A matrix \( M \in \{0,1\}^{m \times n} \) is regular if the binary matroid represented by \( M \) is representable over every field. This is equivalent to requiring that the matroid is equal to the ternary matroid represented by the Camion-signed version \( M' \) of \( M \), and thus equivalent to total unimodularity of \( M' \).

Usage

The executable cmr-regular determines whether the support matrix \( M \) of a given matrix is regular.

./cmr-regular [OPTION]... FILE

Options:

-i FORMAT Format of input FILE; default: dense.
-o FORMAT Format of output matrices; default: dense.
-d Output the decomposition tree if \( M \) is regular.
n Output the elements of a minimal non-regular submatrix.
N Output a minimal non-regular submatrix.
s Print statistics about the computation to stderr.

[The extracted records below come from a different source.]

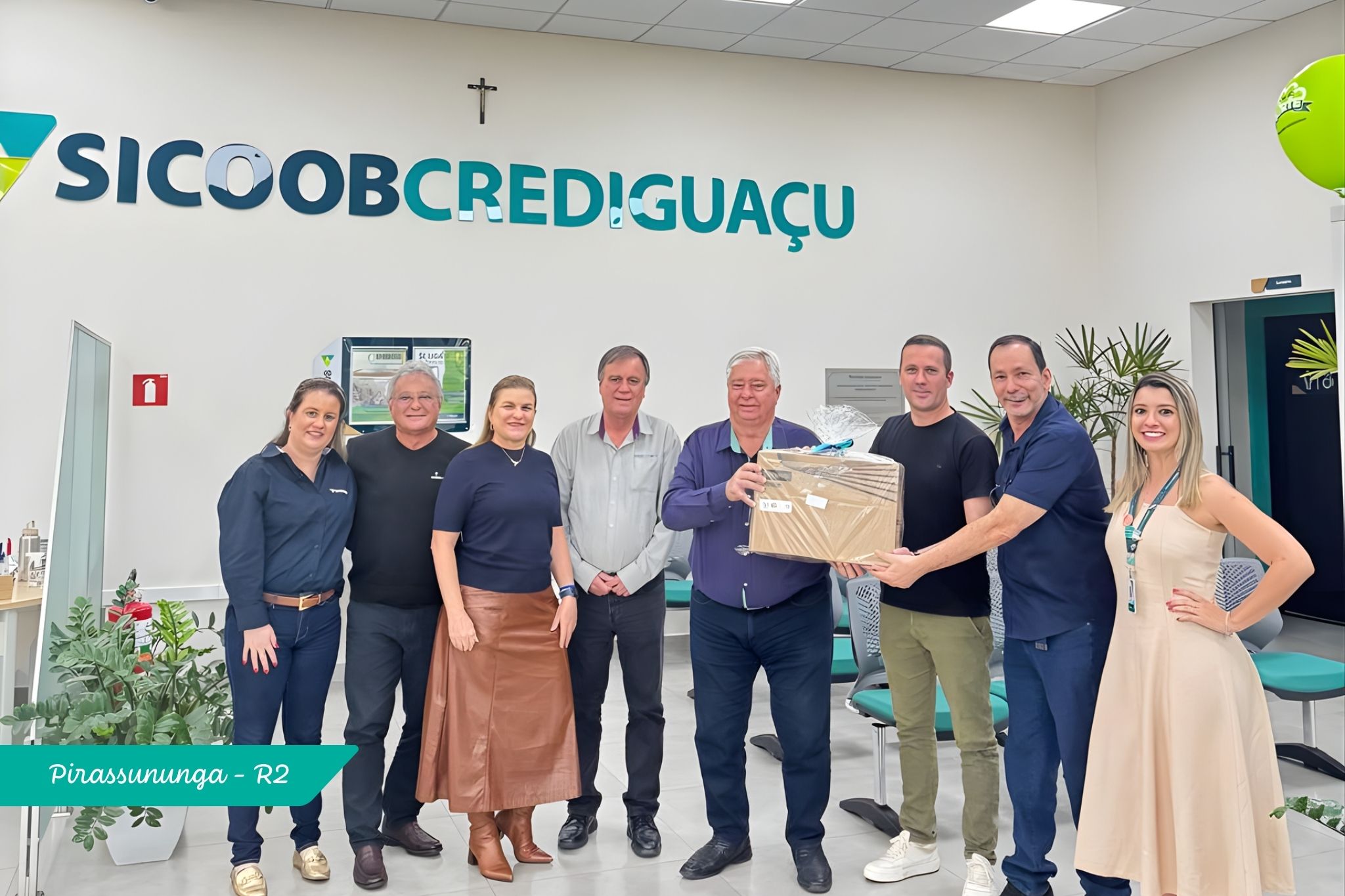 As entregas foram realizadas nas agências pelo Presidente do Conselho de Administração, Antonio Carlos de Mello; pelo Diretor de Negócios, Carlos Bianchi; e por Natália Bertini, Gerente de Produtos e Serviços.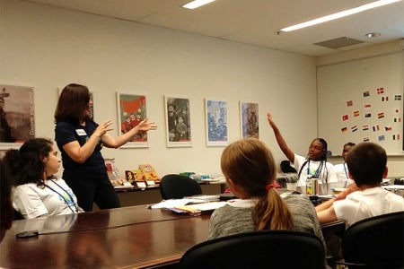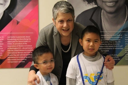 After a group breakfast in Franklin Lobby 1 in which President Janet Napolitano greeted staff and the children, Chief Operating Officer Rachael Nava kicked off the day’s activities with a warm welcome and encouraged the kids to ask as many questions as they wanted.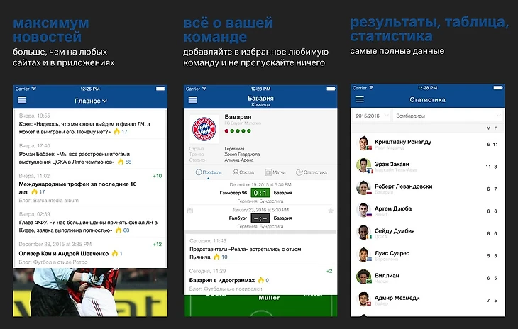 – Добавляйте любимый клуб в избранное и следите за его выступлением и новостями в отдельной вкладке;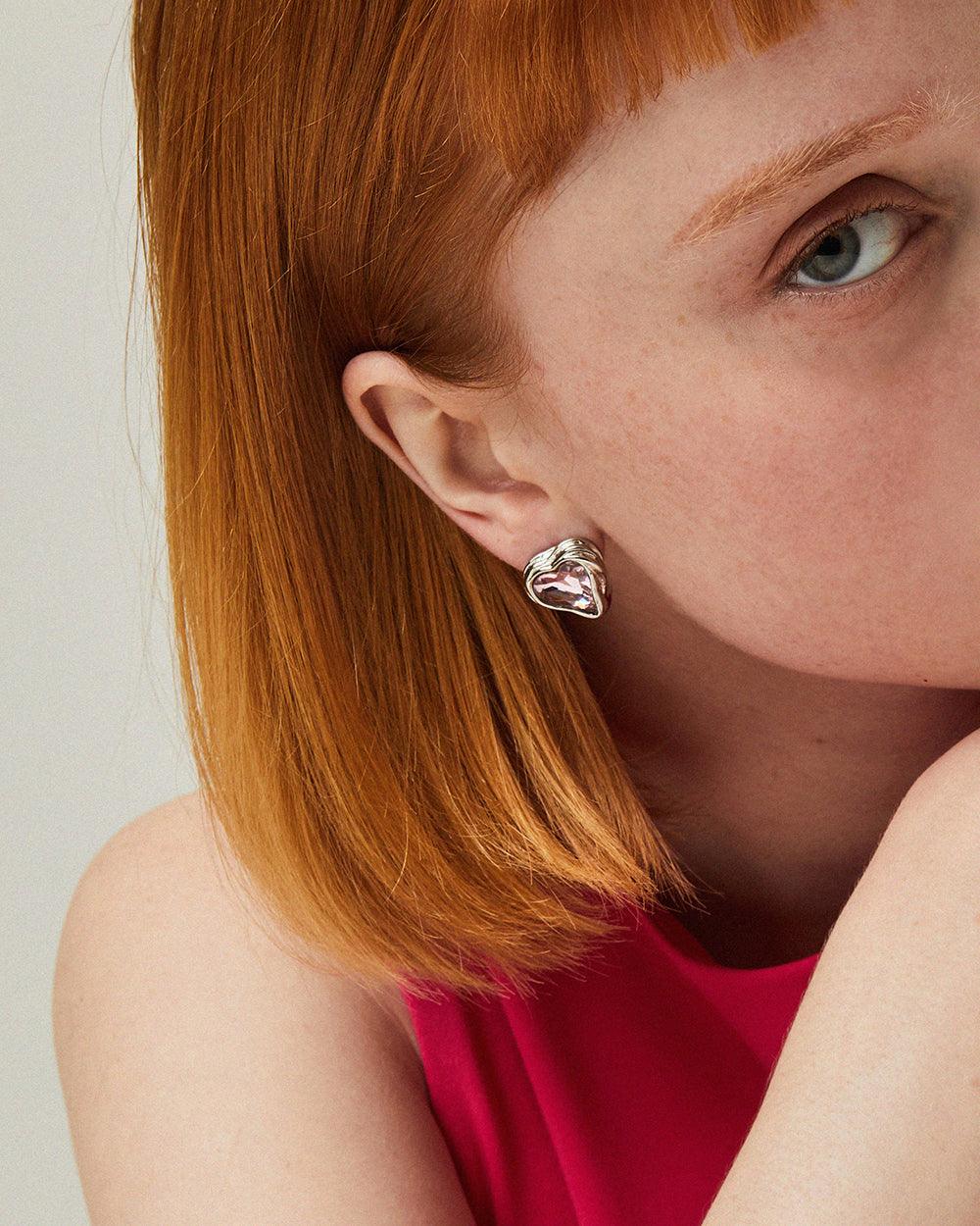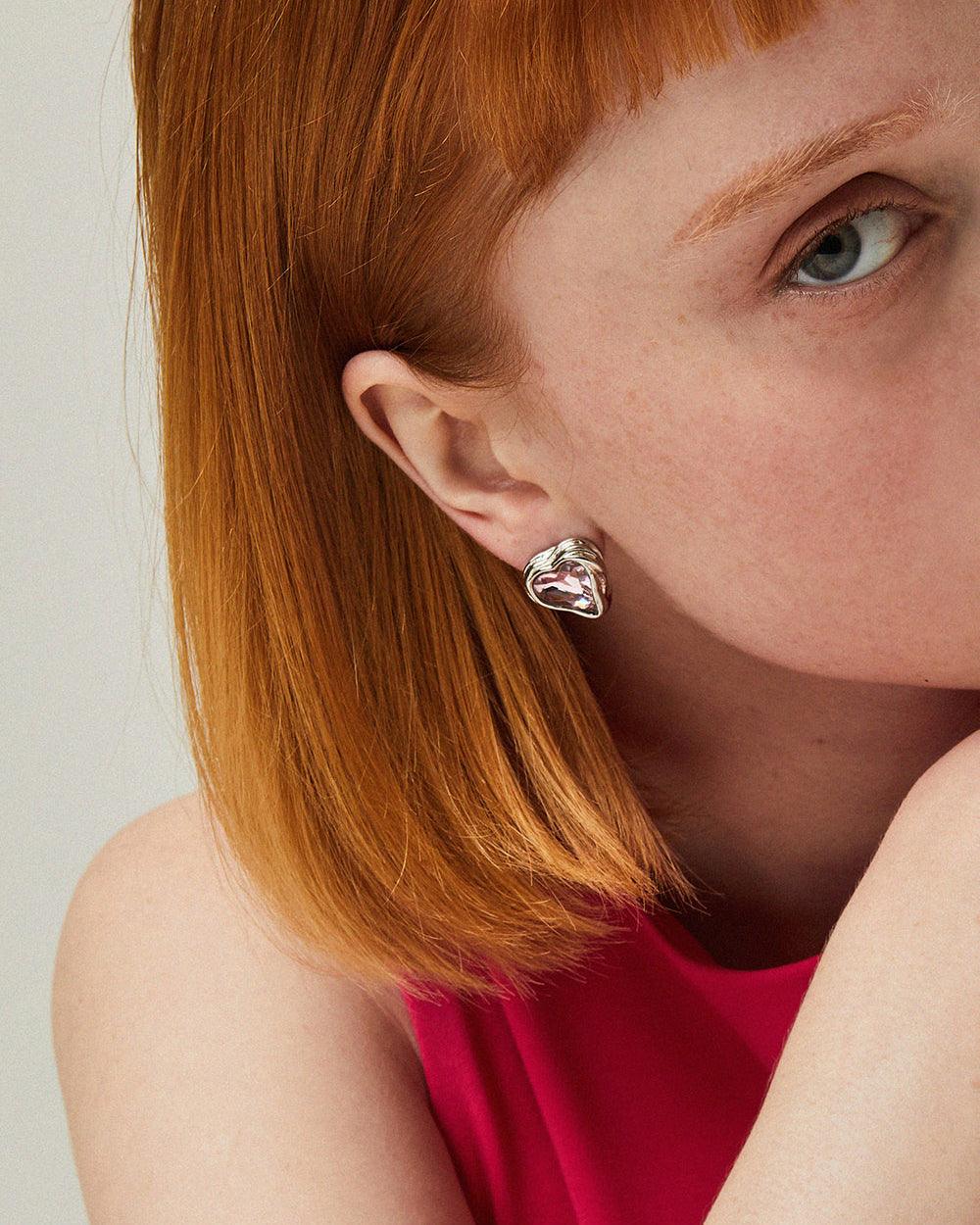 Add a sweet touch with these heart earrings, featuring soft pink crystals for a lovely pop of color.
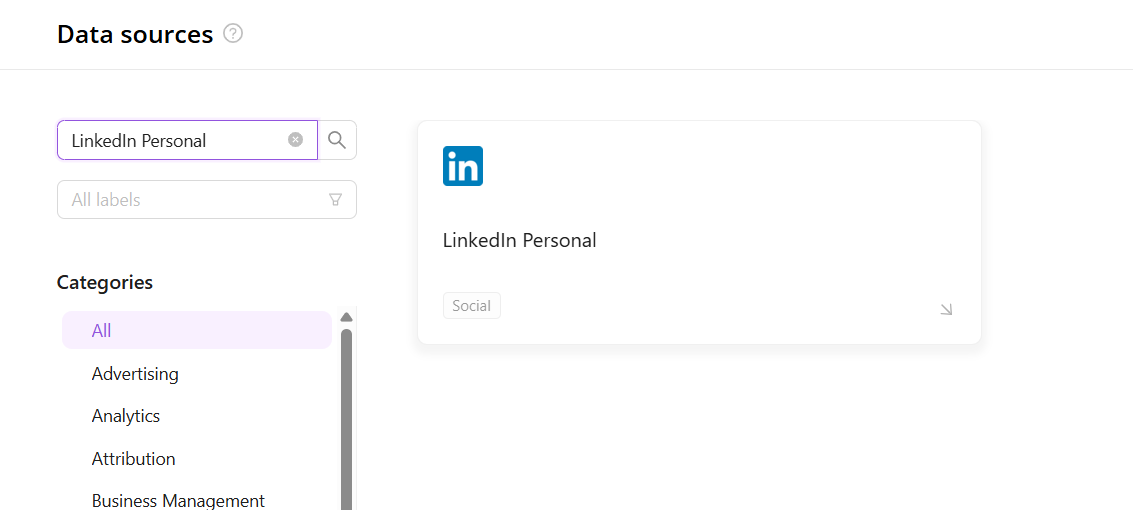Categories on the Data sources page group all available platforms. Use a search to find the required one.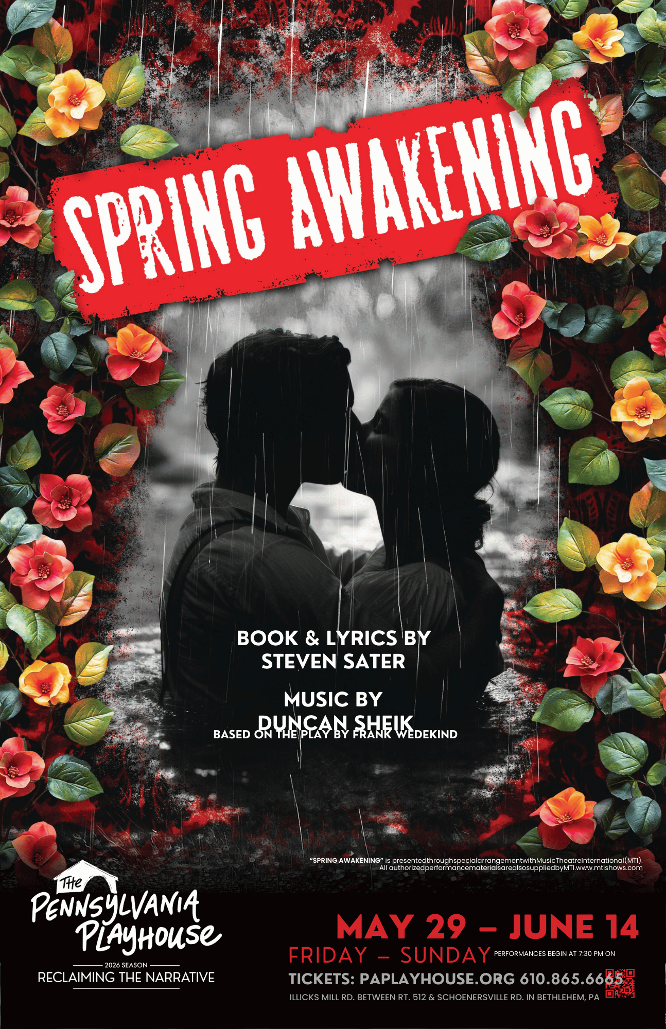 In order to be involved with Spring Awakening at the Pennsylvania Playhouse, you must be 18 years or older by the first rehearsal on March 16th.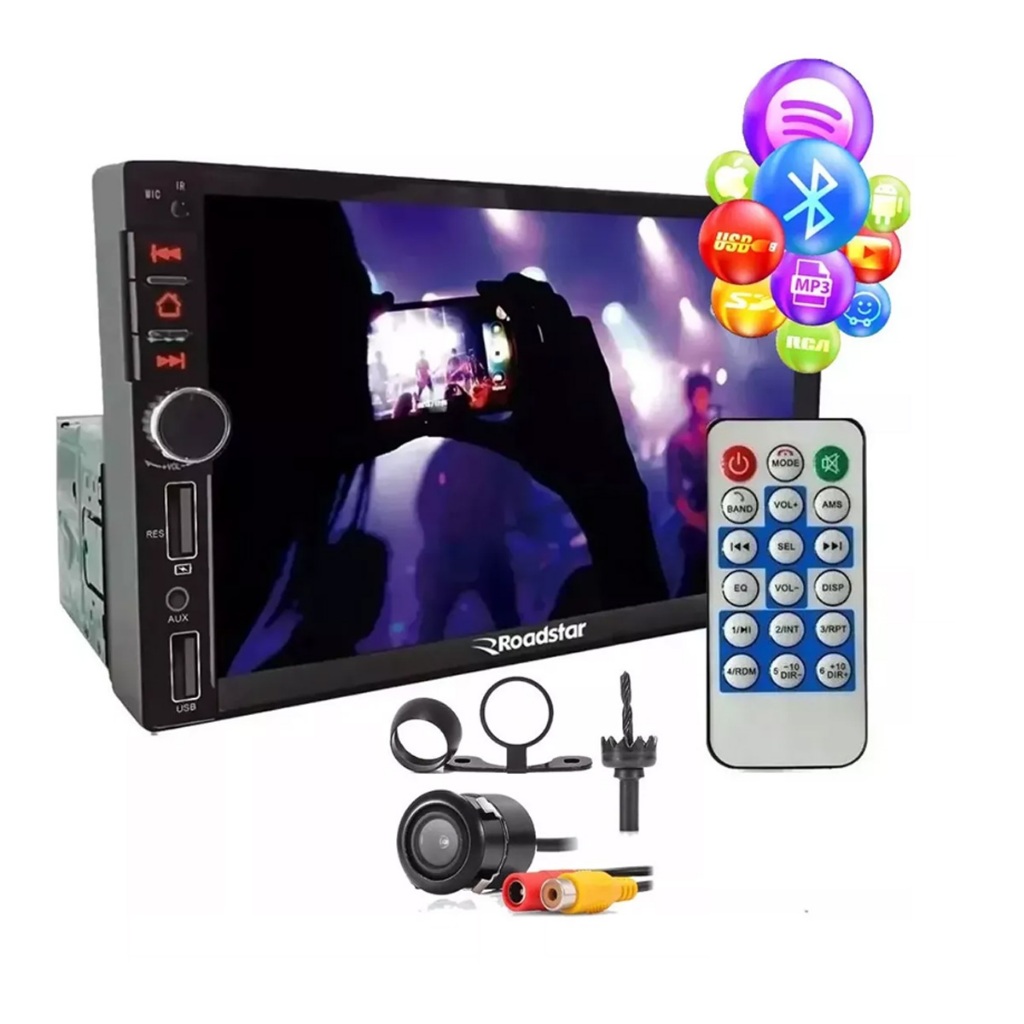 Kit Multimidia MP5 Roadstar 1 Din + Camera de Ré Universal Para todos Veiculos

Formats for matrices are dense-matrix and sparse-matrix. If FILE is -, then the input will be read from stdin.

Algorithm

The implemented recognition algorithm is based on Implementation of a unimodularity test by Matthias Walter and Klaus Truemper (Mathematical Programming Computation, 2013). It is based on Seymour's decomposition theorem for regular matroids. The algorithm runs in \( \mathcal{O}( (m+n)^5 ) \) time and is a simplified version of Truemper's cubic algorithm. Please cite the following paper in case the implementation contributed to your research:

@Article{WalterT13,
  author    = {Walter, Matthias and Truemper, Klaus},
  title     = {Implementation of a unimodularity test},
  journal   = {Mathematical Programming Computation},
  year      = {2013},
  volume    = {5},
  number    = {1},
  pages     = {57--73},
  issn      = {1867-2949},
  doi       = {10.1007/s12532-012-0048-x},
  publisher = {Springer-Verlag},
}

C Interface

The functionality is defined in regular.h. The main functions are:

CMRtestBinaryRegular() tests a binary matrix for regularity.